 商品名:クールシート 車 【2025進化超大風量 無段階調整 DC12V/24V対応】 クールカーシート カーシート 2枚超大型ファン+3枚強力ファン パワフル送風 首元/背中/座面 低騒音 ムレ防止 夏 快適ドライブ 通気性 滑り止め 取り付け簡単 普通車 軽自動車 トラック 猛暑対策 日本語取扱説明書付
==
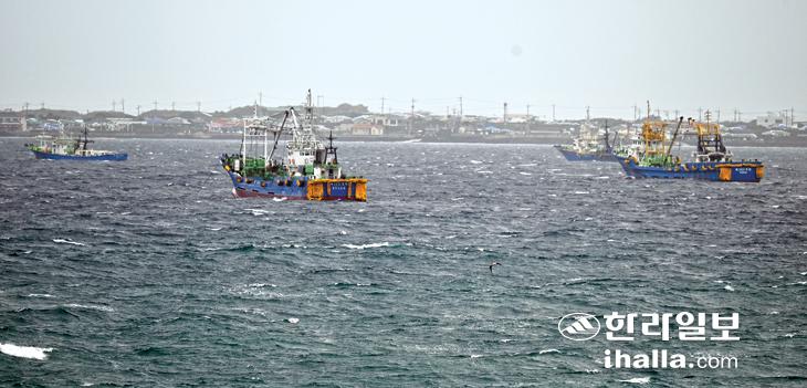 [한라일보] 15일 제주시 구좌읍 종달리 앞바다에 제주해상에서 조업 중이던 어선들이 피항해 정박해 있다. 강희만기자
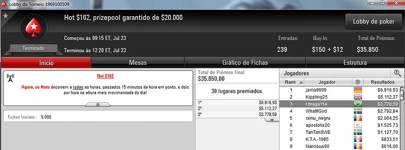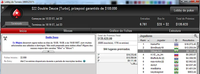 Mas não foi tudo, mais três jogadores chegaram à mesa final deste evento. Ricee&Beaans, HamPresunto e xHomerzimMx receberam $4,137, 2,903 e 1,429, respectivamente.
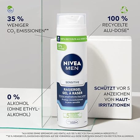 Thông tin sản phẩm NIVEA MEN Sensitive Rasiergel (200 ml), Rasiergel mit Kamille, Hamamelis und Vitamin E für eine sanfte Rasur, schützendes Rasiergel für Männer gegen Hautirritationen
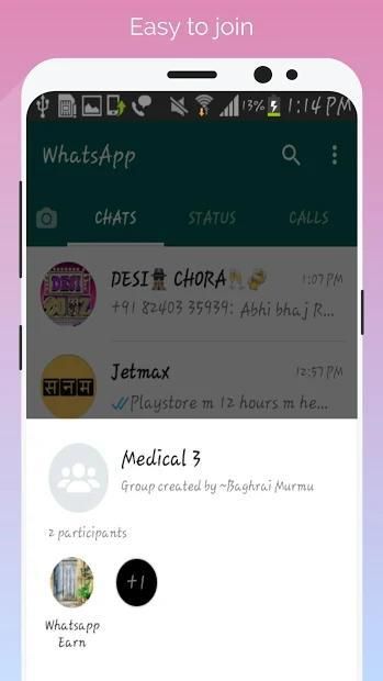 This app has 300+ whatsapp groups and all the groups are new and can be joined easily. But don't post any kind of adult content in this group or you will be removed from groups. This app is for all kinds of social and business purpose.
---
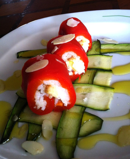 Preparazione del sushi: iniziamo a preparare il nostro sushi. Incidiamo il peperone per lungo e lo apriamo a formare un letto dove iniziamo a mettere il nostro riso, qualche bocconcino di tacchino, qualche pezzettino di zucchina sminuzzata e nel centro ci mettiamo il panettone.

▸ **What you will do**
Please return the material above only from the line that holds "Mas não foi" through the line that holds "Thông tin sản", exactly as it stands, ends included and pictures omitted.

▸ **Exercise solution**
 Mas não foi tudo, mais três jogadores chegaram à mesa final deste evento. Ricee&Beaans, HamPresunto e xHomerzimMx receberam $4,137, 2,903 e 1,429, respectivamente.
 Thông tin sản phẩm NIVEA MEN Sensitive Rasiergel (200 ml), Rasiergel mit Kamille, Hamamelis und Vitamin E für eine sanfte Rasur, schützendes Rasiergel für Männer gegen Hautirritationen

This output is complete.